• REQUIREMENT: Starting with the line that has "Elegant and timeless" in the records below and stopping after the line that has "小さい0歳児クラスのお友達も絵本に夢中👀✨", output every line exactly and nothing else; skip pictures.

• GIVEN DATA:
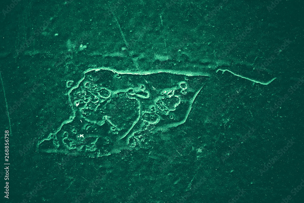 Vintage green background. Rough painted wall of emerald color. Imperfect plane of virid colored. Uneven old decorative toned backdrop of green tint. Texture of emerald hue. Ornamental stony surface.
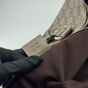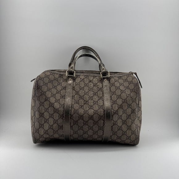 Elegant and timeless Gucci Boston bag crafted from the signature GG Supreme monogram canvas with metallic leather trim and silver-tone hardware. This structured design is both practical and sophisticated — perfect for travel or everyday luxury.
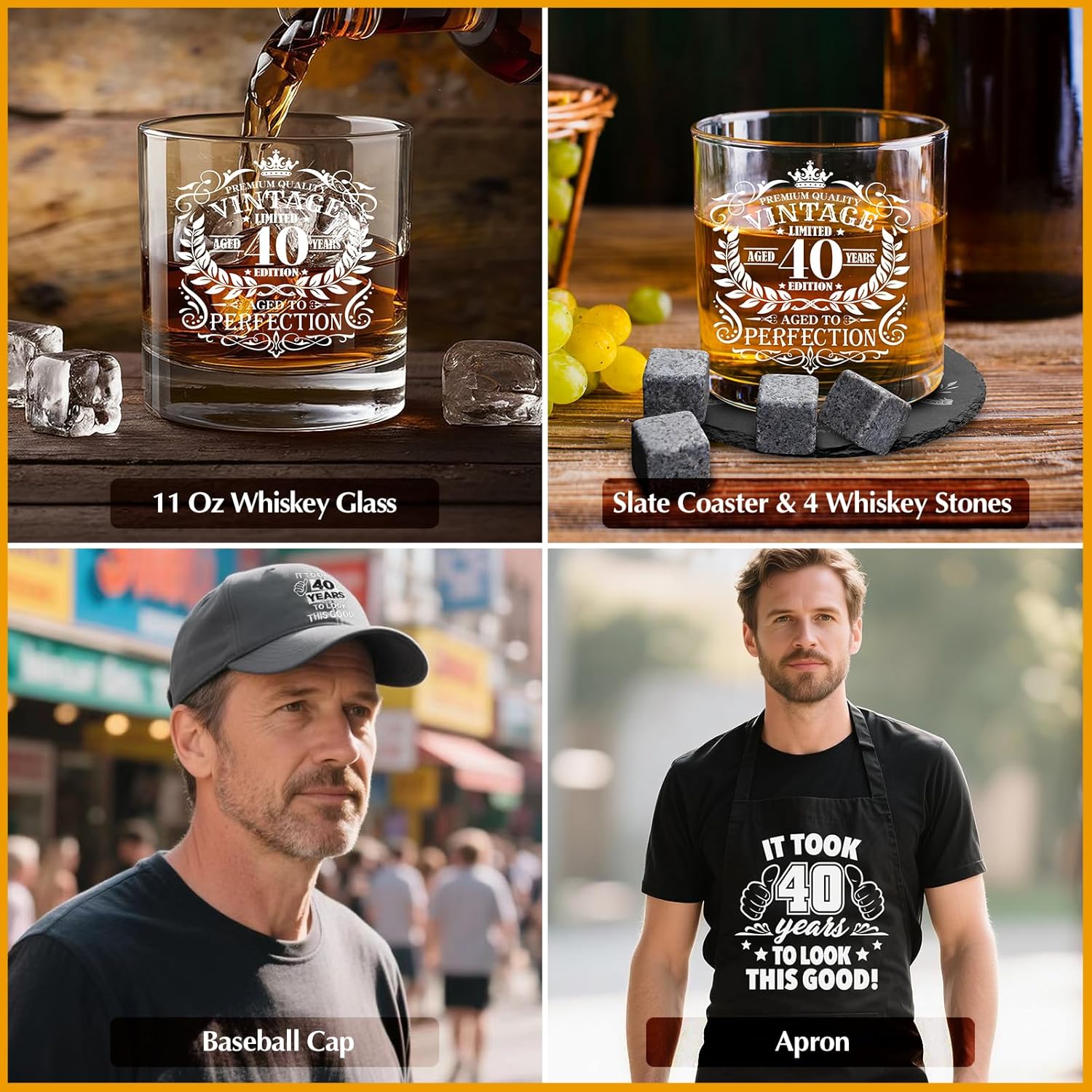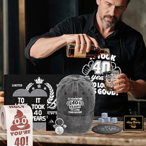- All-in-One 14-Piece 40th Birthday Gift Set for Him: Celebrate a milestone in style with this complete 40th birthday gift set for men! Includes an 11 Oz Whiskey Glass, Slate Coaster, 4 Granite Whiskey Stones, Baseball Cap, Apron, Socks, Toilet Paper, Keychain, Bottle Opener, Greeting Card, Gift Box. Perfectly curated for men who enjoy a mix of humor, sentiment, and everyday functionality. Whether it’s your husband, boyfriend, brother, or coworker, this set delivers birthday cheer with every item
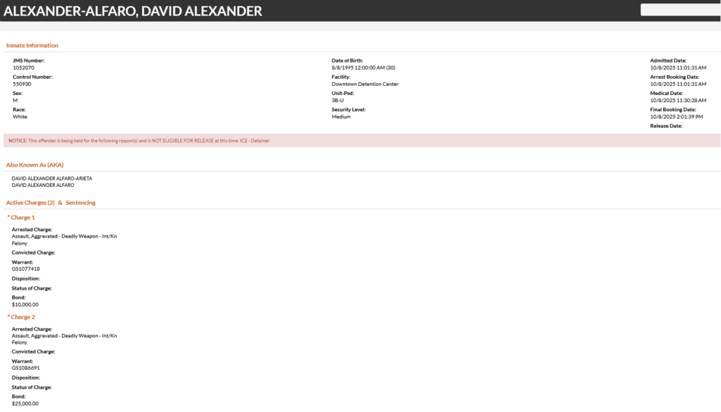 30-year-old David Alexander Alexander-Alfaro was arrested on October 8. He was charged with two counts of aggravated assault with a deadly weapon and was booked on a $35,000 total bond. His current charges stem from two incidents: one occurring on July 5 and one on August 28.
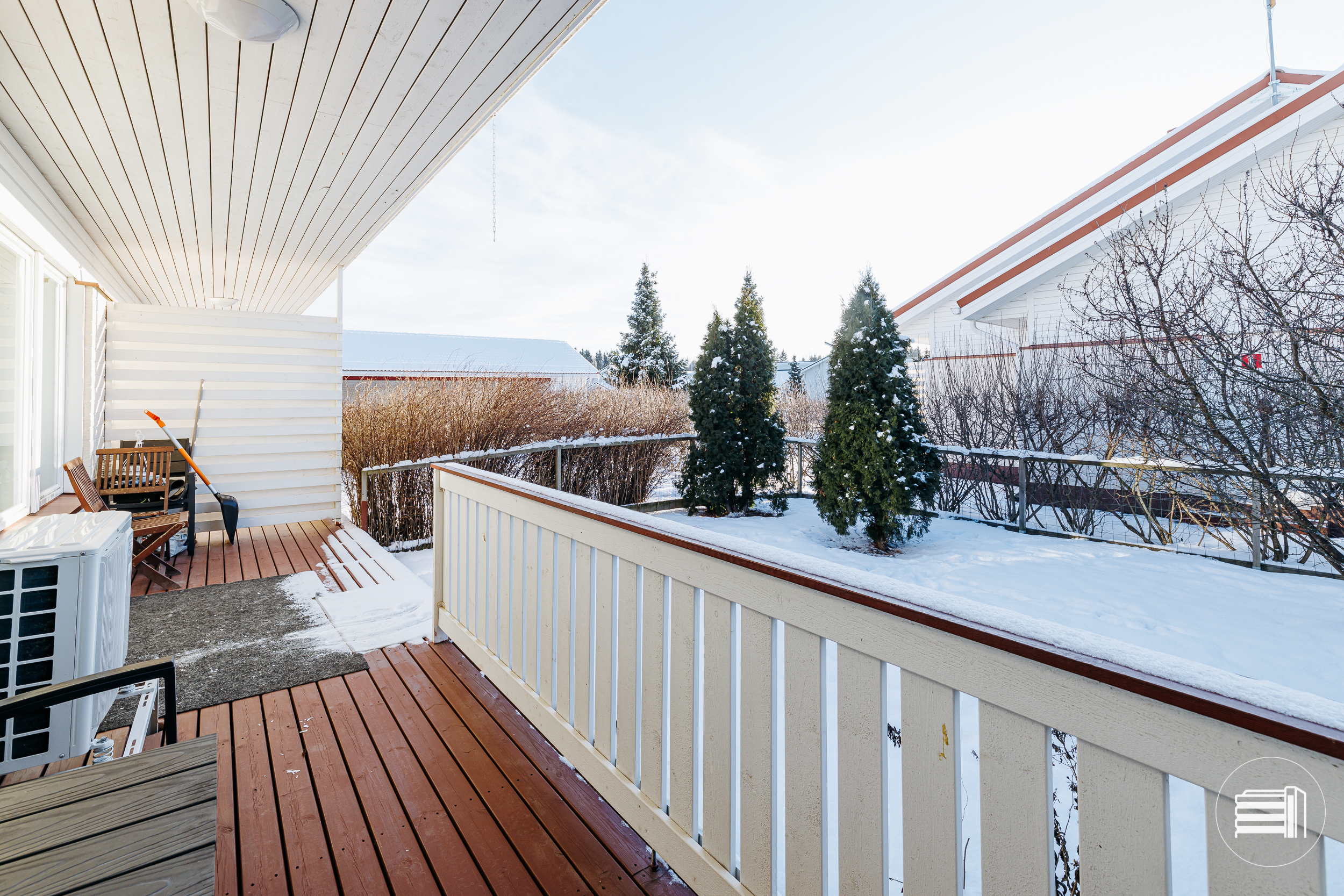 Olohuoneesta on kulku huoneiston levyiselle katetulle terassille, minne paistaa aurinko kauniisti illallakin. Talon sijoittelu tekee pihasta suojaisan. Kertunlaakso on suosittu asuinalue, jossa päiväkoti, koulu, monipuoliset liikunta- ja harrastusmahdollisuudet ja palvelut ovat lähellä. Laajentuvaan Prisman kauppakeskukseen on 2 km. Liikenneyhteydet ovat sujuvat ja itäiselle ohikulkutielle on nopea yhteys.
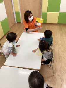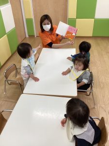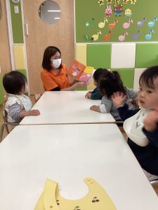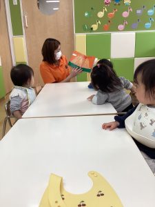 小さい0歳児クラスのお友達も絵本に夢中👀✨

--

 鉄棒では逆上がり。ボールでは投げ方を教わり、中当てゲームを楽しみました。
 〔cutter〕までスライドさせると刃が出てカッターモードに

• ANSWER FOR THIS EXERCISE:
 Elegant and timeless Gucci Boston bag crafted from the signature GG Supreme monogram canvas with metallic leather trim and silver-tone hardware. This structured design is both practical and sophisticated — perfect for travel or everyday luxury.
- All-in-One 14-Piece 40th Birthday Gift Set for Him: Celebrate a milestone in style with this complete 40th birthday gift set for men! Includes an 11 Oz Whiskey Glass, Slate Coaster, 4 Granite Whiskey Stones, Baseball Cap, Apron, Socks, Toilet Paper, Keychain, Bottle Opener, Greeting Card, Gift Box. Perfectly curated for men who enjoy a mix of humor, sentiment, and everyday functionality. Whether it’s your husband, boyfriend, brother, or coworker, this set delivers birthday cheer with every item
 30-year-old David Alexander Alexander-Alfaro was arrested on October 8. He was charged with two counts of aggravated assault with a deadly weapon and was booked on a $35,000 total bond. His current charges stem from two incidents: one occurring on July 5 and one on August 28.
 Olohuoneesta on kulku huoneiston levyiselle katetulle terassille, minne paistaa aurinko kauniisti illallakin. Talon sijoittelu tekee pihasta suojaisan. Kertunlaakso on suosittu asuinalue, jossa päiväkoti, koulu, monipuoliset liikunta- ja harrastusmahdollisuudet ja palvelut ovat lähellä. Laajentuvaan Prisman kauppakeskukseen on 2 km. Liikenneyhteydet ovat sujuvat ja itäiselle ohikulkutielle on nopea yhteys.
 小さい0歳児クラスのお友達も絵本に夢中👀✨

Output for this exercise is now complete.